For the most part, it’s only well into a project that I begin to bring together my writing and my photography during the editing and sequencing process, pairing a text piece with an image that resonates with it in some way, often at a slant.
Alex, what is relationship between literature and reportage, both within your own work and the work that has inspired you?
AW: As a literature major in college—and someone who’d once toyed with idea of writing fiction—literature has long been key to my photography. Many of my books have been inspired in part by literature—with Under a Grudging Sun, Graham Greene’s The Comedians; with La Calle, Octavio Paz’s The Labyrinth of Solitude; and, with Amazon, Gabriel García Márquez’s One Hundred Years of Solitude and Mario Vargas LLosa’s The Green House.

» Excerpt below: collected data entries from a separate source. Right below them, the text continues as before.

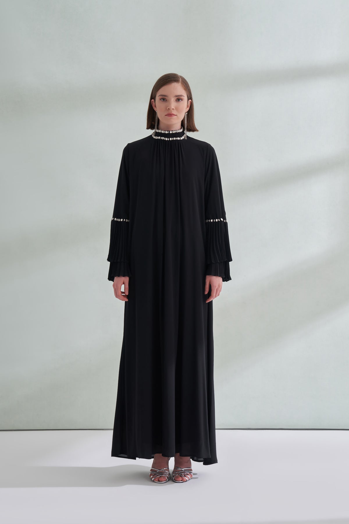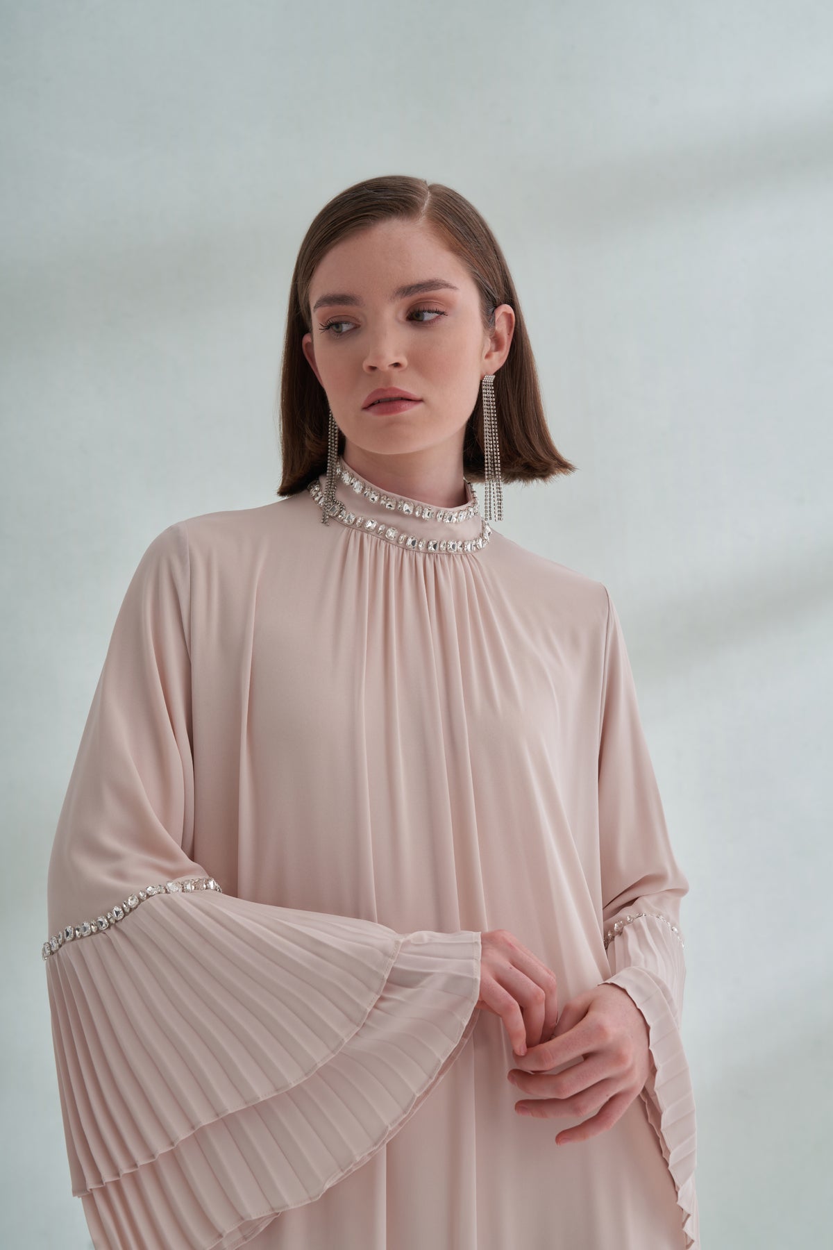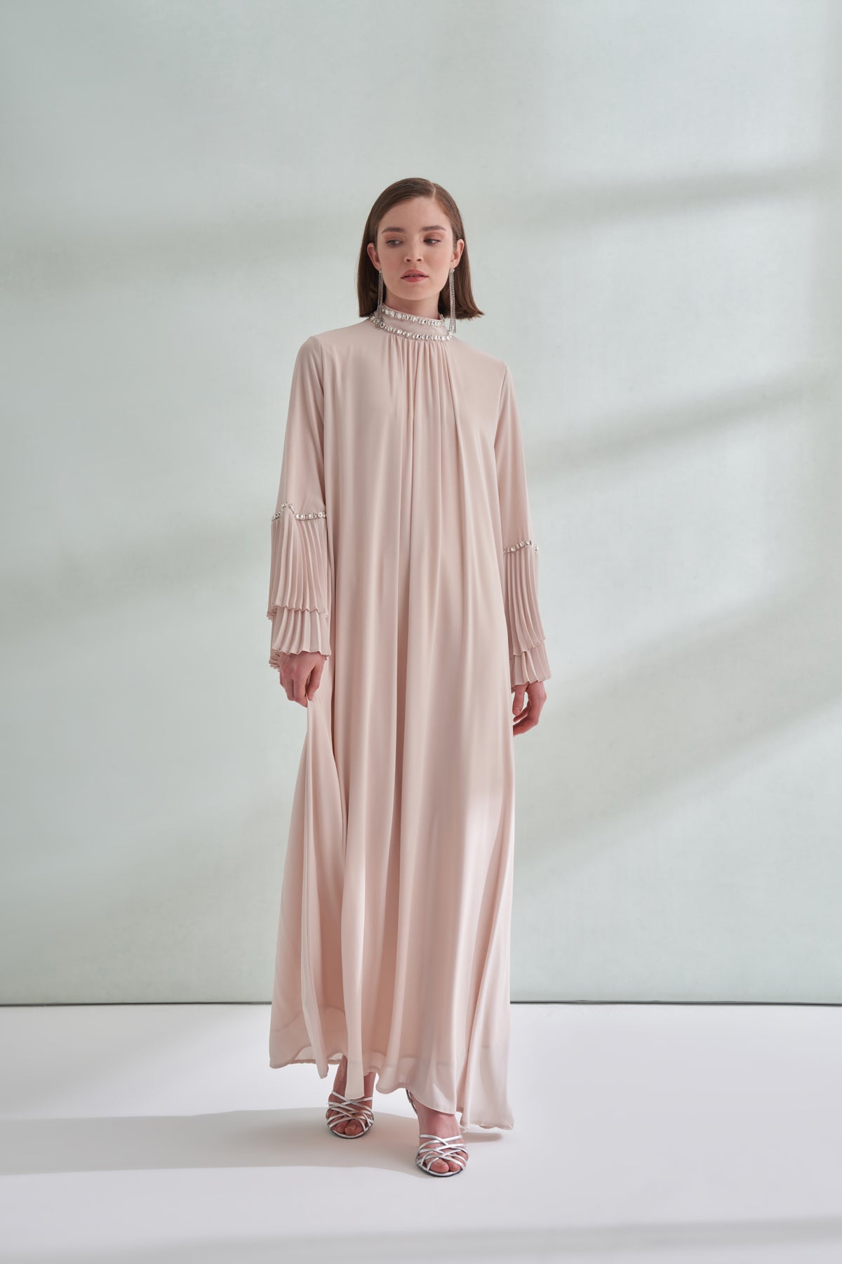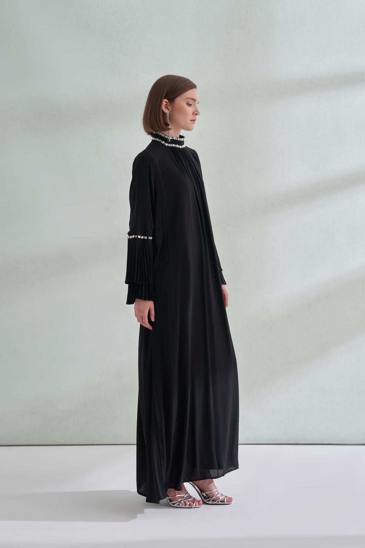 Taş ve Kolları Pilise Detaylı Elbise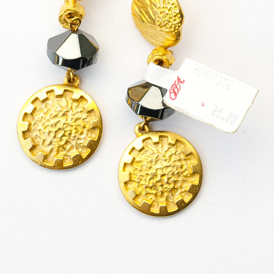 1980's Saks Fifth Avenue Gold Plated Hematite Earrings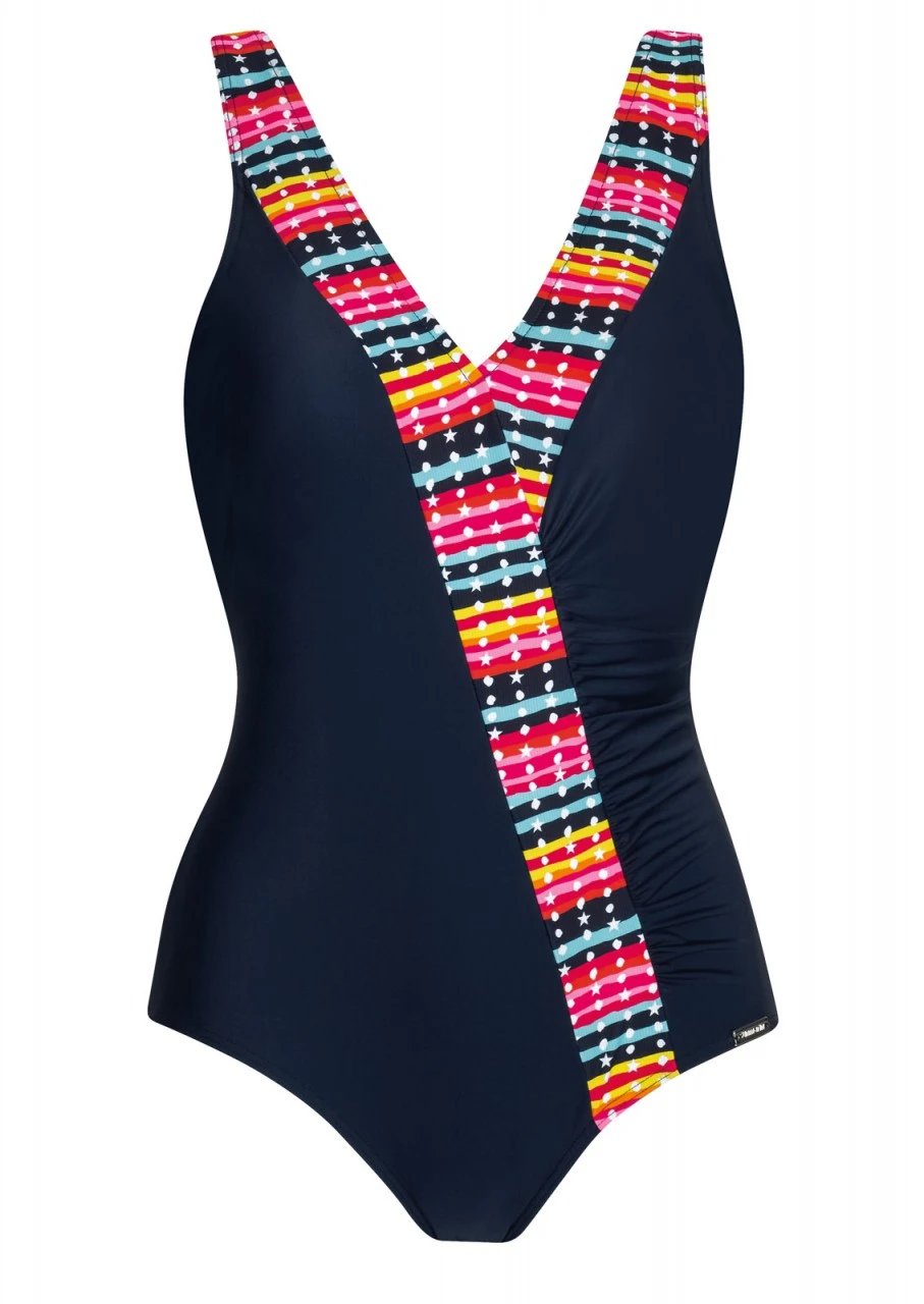 Stützender Badeanzug in Nachtblau mit Softschalen und Halbcorsage. Die diagonal angebrachte, gestreifte Blende unterstützt die Wirkung der Halbcorsage und streckt optisch die Figur. Tiefer Rückenausschnitt.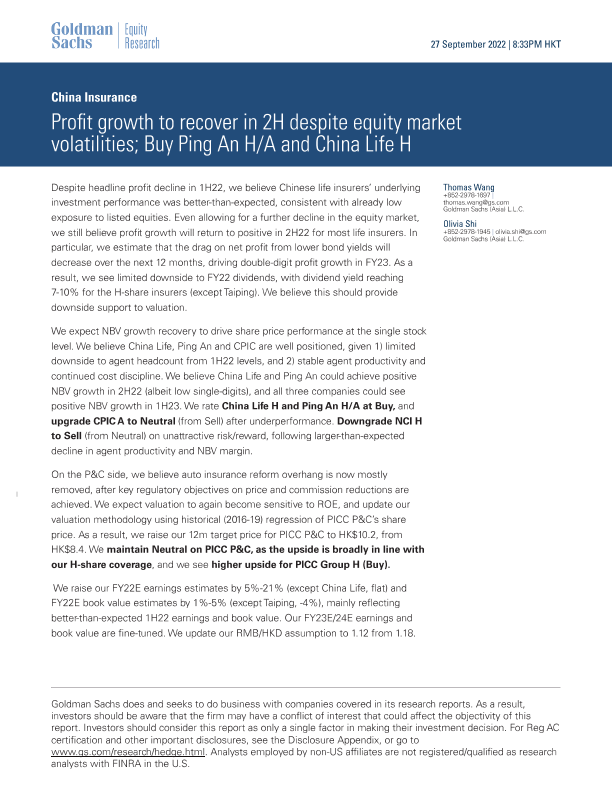 【Goldman Sachs】【20220927】Profit growth to recover in 2H despite equity market volatilities; Buy Ping An H/A and China Life H-30页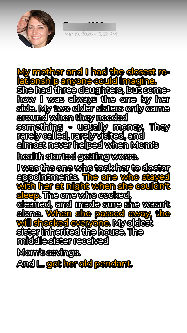 The injustice of it all burned within me. I couldn’t understand how my mother, who I believed knew my heart, could seemingly dismiss my efforts in such a callous manner. I felt betrayed, undervalued, and deeply hurt. As my sisters celebrated their inheritances, I retreated into my own grief, clutching the pendant in my hand, searching for answers that seemed impossible to find.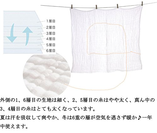 - 吸湿・発散性に優れたガーゼで夏はさらり。冬は6重の層が空気を逃さず暖か。一年中使えます。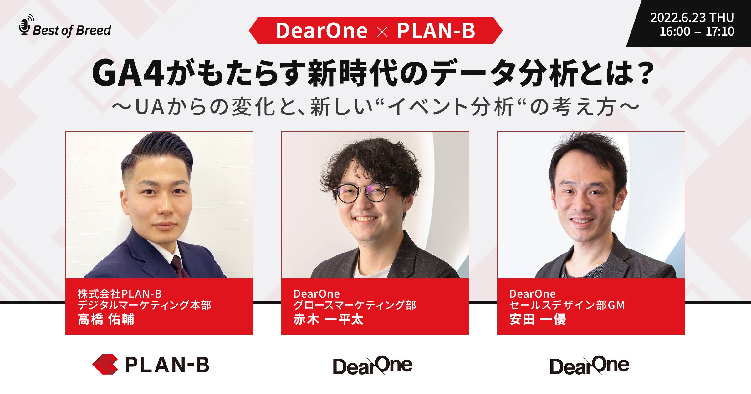 株式会社DearOne、株式会社PLAN-Bの2社による、GA4の基本と「イベントベースでのデータ分析」における考え方や活用方法をご紹介するセミナーを開催いたします。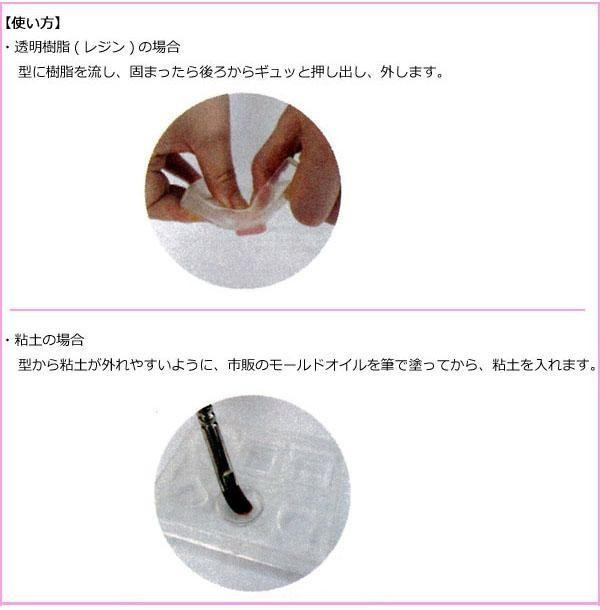 粘土や透明感のあるレジンクラフトにも楽しめる、繰り返し使えるやわらかい型です。紫外線を通す透明なモールドなのでUVレジンがきれいに固まります。また、気泡や粘土の浮きがひと目でわかって便利です。 |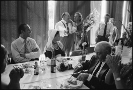 FRANCE. 1982. Correze. Egletons. Jacques CHIRAC (on the left), Mayor of Paris, president of the RPR Party and deputy in the Correze region, at a banquet. With him is his wife Bernadette (standing in the center).
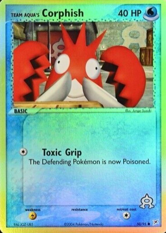 The Team Aqua's Corphish 2004 EX: Team Magma vs Team Aqua #50/95 Reverse Holo card in Raw TCG (Near Mint) condition has not changed in price in the last 30 days and was last sold for $10.00 .
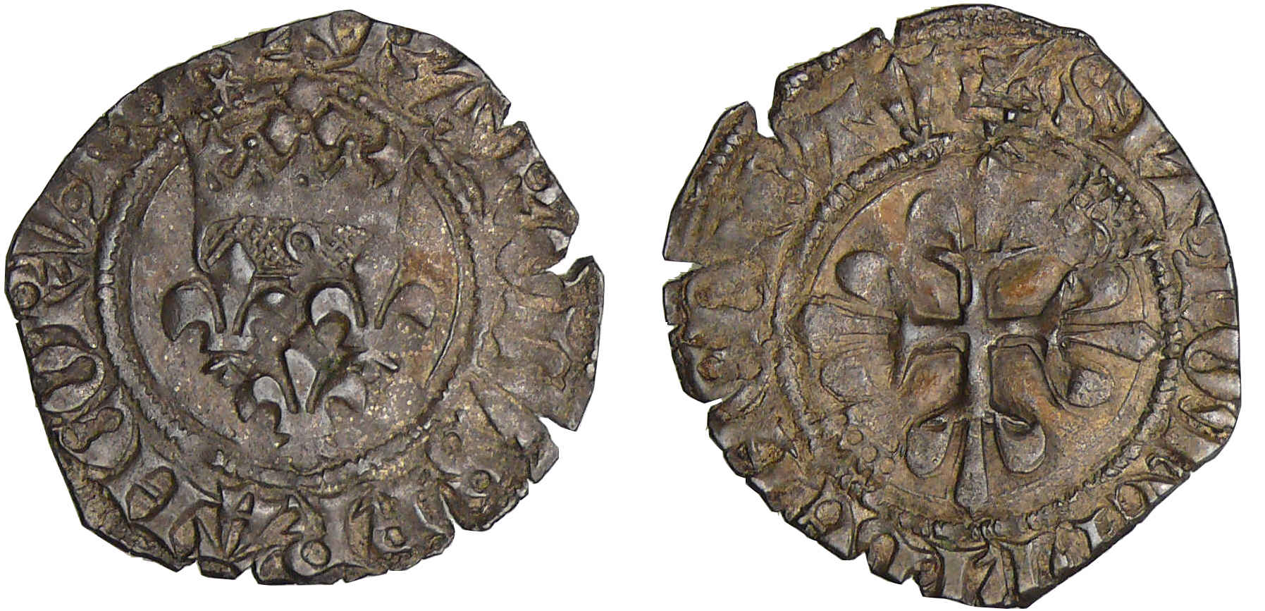 Avers : A/ + KAROLVS FRANCORVm ReX Trois lis posés aux 2ème et 1er cantons sous une couronne.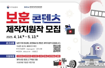 지원 사업 참여를 위해서는 이날부터 다음 달 13일까지 보훈부 누리집 또는 수탁기관인 대전정보문화산업진흥원의 누리집을 방문하거나, 포스터에 첨부된 정보무늬(QR)를 통해서 신청할 수 있다.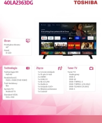 Téléviseur LED 40" TOSHIBA avec fonctions smart

Alex, in a previous interview you discuss how your first introduction to the greats of photography was through books. Why is a book, and particularly this way of formatting and creating a book, the right vehicle for this particular body of work?
AW: Of all the visual arts. photography is uniquely suited to the book form. A book does not do justice to the three dimensionality of sculpture, nor the plasticity of painting, whereas a well-printed book—while not perfect—can do a very good job of reproducing photographic work. Also, I find the sequencing and structure of photographic books to be very exciting. As much as I appreciate individual prints on the wall, I like the way in which a book can guide the viewer through a body of work—as well as how the book lives on in time, compared with the transience of an exhibition.
For Slant Rhymes, I especially love how the design echoes a poetry book, with its intimate size and tipped-in photograph on the cover.
Alex and Rebecca, while you first saw the works of the photography greats in the pages of books, young people today are most likely to come across them on screens. As two people who often teach young, aspiring photographers, how do you suppose their experience of being introduced to photography is going to influence the creative ways in which they present their work?
AW: Interestingly enough, although more and more photographs are being seen on screens, more and more serious photographic books are being produced. However, they’re not necessarily being made by traditional publishers, but by small presses and by photographers themselves, through self-publishing. It’s as if the lack of tangibility in the virtual photographic world has led to a greater need for the tactile experience of holding a physical object—a book—in one’s hands. And so in our teaching—especially in our bookmaking workshops—we rely heavily on the tangible, insisting that some of the images we work with be prints, not just digital files.
RNW: It was only two years ago that Alex and I traded in our flip phones for smartphones. Since I often interweave text and images in my work, I immediately began experimenting with Instagram, posting the first series of our slant rhymes—one of Alex’s photographs paired with one of mine, sometimes with accompanying text—on our new joint IG account. A few months later, La Fábrica invited us to do a book with them, and we suggested Slant Rhymes. So, Instagram ended up being a kind of virtual sketchbook for us. In part, we have Instagram to thank for inspiring what eventually became an analog book.
I’m looking forward to seeing how other photographers creatively engage with social media, especially the younger generation of photographers.